**Exercise:**
Please give again exactly the lines from the top of the material through the line with "Scarce early example"; omit each picture.
____ Data
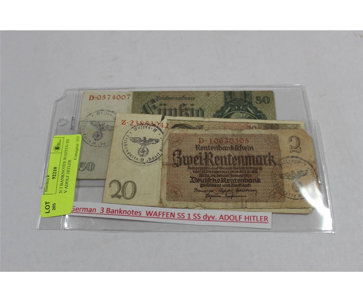 GERMAN 3 BANKNOTES WAFFEN SS 1 SS DYV ADOLF HITLER
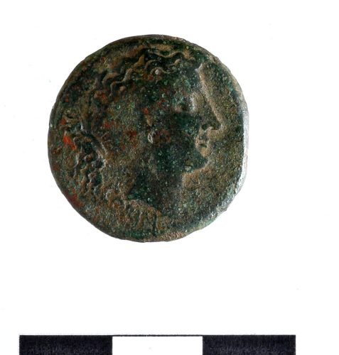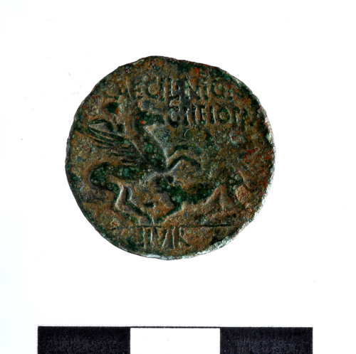 Dritto: Afrodite, dietro CORINT. Rovescio: Bellerofonte su Pegaso colpisce una chimera; sopra [Q] CAECIL.NIGR CHEIO PM;in esergo IIVIR
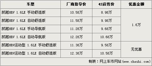 據(jù)經(jīng)銷商處銷售人員介紹,別克凱越HRV已經(jīng)停產(chǎn),店內(nèi)在售的車型只有舒適版和導(dǎo)航版,運(yùn)動版車型已經(jīng)沒有庫存車。在售的舒適版和導(dǎo)航版車型優(yōu)惠1.6萬元,全系入門級的手動舒適版售價(jià)降到了8.98萬元。
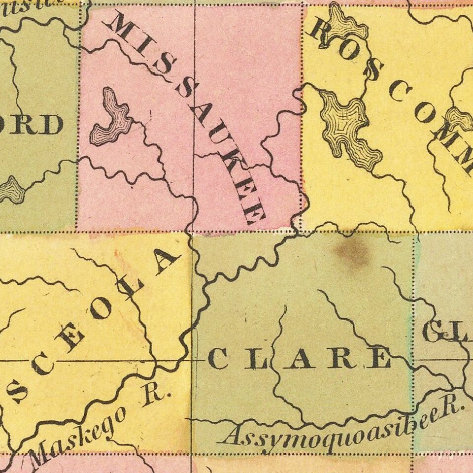 Scarce early example of Tanner's map of Michigan Territory, with interesting early/primitive counties, Indian Lands, etc.
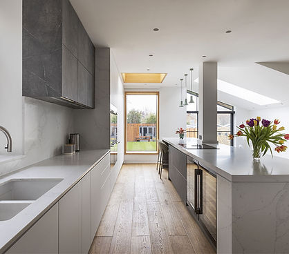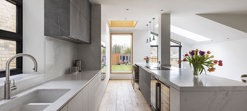 Working with renowned architects Fletcher and Crane, Happy Building undertook a refurbishment and extension project which breathed new life into the existing ground floor and created a new open plan kitchen, living area to the rear with the addition of a contemporary single storey extension. Internally, the front of the house retained it’s character charm with a full refurbishment of the traditional entrance hall, staircase and living room. New joinery, a refurbished WC and simple yet elegant utility room helped to modernise the ground floor and create a transition through to the modern rear extension. The feature window seat, modern kitchen and sunken seating area draw you through to the landscaped garden. Architectural feature glazing showcases a modern facade which blends traditional and modern materials against the original house.
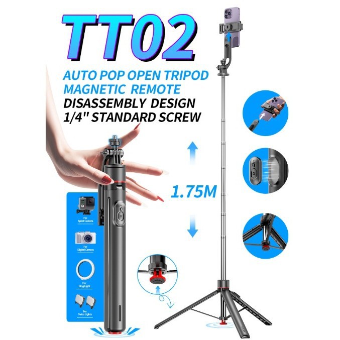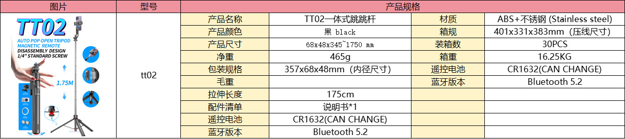 TT02 일체형 점프 폴 블루투스 원격 제어 원클릭 팝업 휴대폰 라이브 방송 셀카봉 다기능 삼각대 스탠드
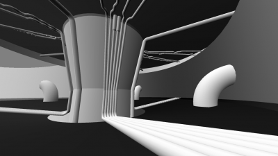 import queasycam.*; import com.badlogic.gdx.math.*; static final Vector3 xAxis = new Vector3(1.0, 0.0, 0.0); static final Vector3 yAxis = new Vector3(0.0, 1.0, 0.0); static final Vector3 zAxis = new Vector3(0.0, 0.0, 1.0); QueasyCam cam; boolean wireframe = false; ArrayList<Drawable> objects = new ArrayList(); public void setup() { fullScreen(P3D); cam = new QueasyCam(this, PConstants.PI/2.5f, 0.01, 9999); cam.key_forward = 'z'; cam.key_left = 'q'; cam.key_backward = 's'; cam.key_right = 'd'; cam.key_up = 'e'; cam.key_down = 'a'; // Center tower Pipe pipe = new Pipe( new Vector3(0.0, 800, 0.0), new Quaternion().setFromAxis(zAxis, -90), 550, 64); pipe.addTube(1000); pipe.changeSize(800); pipe.addTube(1000); pipe.changeSize(820); pipe.addTube(20); pipe.changeSize(2600); pipe.addTube(200); pipe.addTube(-400); objects.add(pipe); // Surrounding circus pipe = new Pipe( new Vector3(0.0, 800, 0.0), new Quaternion().setFromAxis(zAxis, -90), 800, 64); pipe.addTube(600); pipe.changeSize(2000); pipe.addTube(200); pipe.changeSize(2040); pipe.addTube(40); pipe.addTube(1000); objects.add(pipe); for (int r=0; r<4; r++) { Quaternion rot = new Quaternion().setEulerAngles(r * 90, 0, 9); for (int i=0; i<6; i++) { Vector3 pos = new Vector3(-2100, 298, (i-3)*34 + 17); rot.transform(pos); pipe = new Pipe(pos, rot, 16, 16); pipe.addTube(1480 + 4 * abs(i-3)); pipe.addBend(99, 180); pipe.addTube(300, (3-i) * 5); pipe.addBend(14); if (abs(i-2.5)<=1) { pipe.addTube(860); pipe.changeSize(24); pipe.addTube(18); pipe.changeSize(26); pipe.addTube(200); } else { pipe.addTube(1000); pipe.addBend(70); float l=0.0, ll=0.0; int state = 0; // -1: left; 0: center; 1: right while (l<1800) { int turn = floor(random(3.0)-1.0); if (state==0 && turn == -1) { pipe.addBend(45, 90); state = -1; } else if (state==0 && turn == 1) { pipe.addBend(45, -90); state = 1; } else if (state == -1 && turn == 1) { pipe.addBend(45, 180, -90); state = 0; } else if (state == 1 && turn == -1) { pipe.addBend(45, -180, 90); state = 0; } else if (state == 0) { pipe.addTube(ll); l += ll; ll = 0.0; } ll += 100; } } objects.add(pipe); } float deg = r * 90 + 45; rot.setFromAxis(zAxis, -90); rot.mul(new Quaternion().setFromAxis(xAxis, deg)); Vector3 pos = new Vector3(590 * cos(radians(deg)), 800, 590 * sin(radians(deg))); pipe = new Pipe(pos, rot, 34, 16); pipe.addTube(980); pipe.addBend(14); pipe.addTube(950); pipe.addBend(70); pipe.addTube(1800); objects.add(pipe); deg = r * 90 + 45; rot.setFromAxis(zAxis, -90); rot.mul(new Quaternion().setFromAxis(xAxis, deg)); pos = new Vector3(1700 * cos(radians(deg)), 50, 1700 * sin(radians(deg))); pipe = new Pipe(pos, rot, 140, 32); pipe.addBend(90, 0, 0, 300); objects.add(pipe); } } public void draw() { background(0); //lights(); //ambientLight(12, 4, 1); //pointLight(100, 100, 110, 140, -2000, 144); directionalLight(204, 204, 204, .5, 0.6, 0.2); emissive(50, 46, 51); //specular(204, 102, 0); shininess(1.0); strokeWeight(1); stroke(255, 0, 0); line(0, 0, 0, 100, 0, 0); stroke(0, 255, 0); line(0, 0, 0, 0, 100, 0); stroke(0, 0, 255); line(0, 0, 0, 0, 0, 100); if (wireframe) stroke(0); else noStroke(); strokeWeight(1); for (Drawable o : objects) o.draw(); } void keyPressed() { if (key == 'w') wireframe = !wireframe; } public interface Drawable { public void draw(); public void update(); } public interface Chainable extends Drawable { public Vector3 getOutPos(); public Quaternion getOutOrientation(); } /***************************** ** class Pipe ** *****************************/ public class Pipe implements Drawable { private Vector3 pos; private Quaternion orientation; private float radius; private float nextRadius; private int faces; private ArrayList<Chainable> objects = new ArrayList(); private Vector3 currentPos; private Quaternion currentOrientation; public Pipe(Vector3 pos, Quaternion orientation, float radius, int faces) { this.pos = pos; this.orientation = orientation; this.radius = radius; this.nextRadius = radius; this.faces = faces; currentPos = this.pos.cpy(); currentOrientation = orientation.cpy(); } public void changeSize(float next) { this.nextRadius = next; } private void add(Chainable object) { objects.add(object); currentPos = object.getOutPos(); currentOrientation = object.getOutOrientation(); radius = nextRadius; } public void addTube(float len) { addTube(len, 0.0); } public void addTube(float len, float twist) { Tube tube = new Tube( currentPos, currentOrientation, len, radius, nextRadius, twist, 1, faces ); add(tube); } public void addBend(float angleBendDeg) { addBend(angleBendDeg, 0.0, 0.0); } public void addBend(float angleBendDeg, float angleRotDeg) { addBend(angleBendDeg, angleRotDeg, 0.0); } public void addBend(float angleBendDeg, float angleRotDeg, float twist) { float radInt = 50; addBend(angleBendDeg, angleRotDeg, twist, radInt); } public void addBend(float angleBendDeg, float angleRotDeg, float twist, float radInt) { int rings = ceil(angleBendDeg * 64.0 / 360.0); currentOrientation.mul(new Quaternion().setEulerAngles(0, angleRotDeg, 0)); Bend bend = new Bend( currentPos, currentOrientation, radius, nextRadius, radians(angleBendDeg), radInt, twist, rings, faces ); add(bend); } public void update() { for (Chainable o : objects) o.update(); } public void draw() { for (Chainable o : objects) { o.draw(); } Vector3 head = currentOrientation.transform(new Vector3(32, 0, 0)); head.add(currentPos); line(currentPos.x, currentPos.y, currentPos.z, head.x, head.y, head.z); } } /***************************** ** class Tube ** *****************************/ public class Tube implements Drawable, Chainable { private Vector3 pos; private Quaternion orientation; private float len; private float radiusIn; private float radiusOut; private float twist; private int rings; private int faces; private Vector3[] points; private Vector3 tmpVec = new Vector3(); private Vector3 outPos = new Vector3(); private Quaternion outOrientation = new Quaternion(); public Tube( Vector3 pos, Quaternion orientation, float len, fl
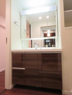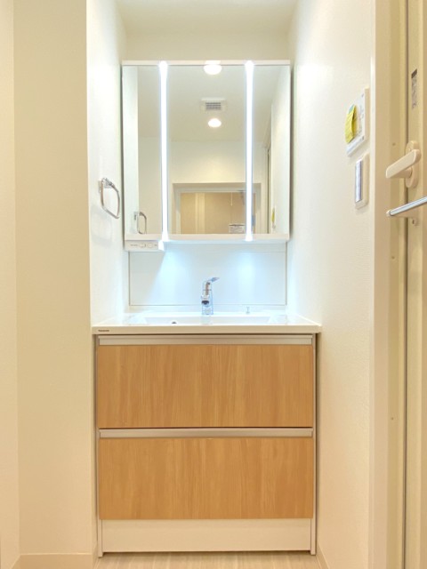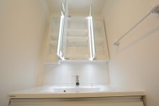 洗面台は三面鏡付き。鏡の間に付いた照明のおかげで鏡を使う時に影になることもありません。
________
**The answer:**
 GERMAN 3 BANKNOTES WAFFEN SS 1 SS DYV ADOLF HITLER
 Dritto: Afrodite, dietro CORINT. Rovescio: Bellerofonte su Pegaso colpisce una chimera; sopra [Q] CAECIL.NIGR CHEIO PM;in esergo IIVIR
 據(jù)經(jīng)銷商處銷售人員介紹,別克凱越HRV已經(jīng)停產(chǎn),店內(nèi)在售的車型只有舒適版和導(dǎo)航版,運(yùn)動版車型已經(jīng)沒有庫存車。在售的舒適版和導(dǎo)航版車型優(yōu)惠1.6萬元,全系入門級的手動舒適版售價(jià)降到了8.98萬元。
 Scarce early example of Tanner's map of Michigan Territory, with interesting early/primitive counties, Indian Lands, etc.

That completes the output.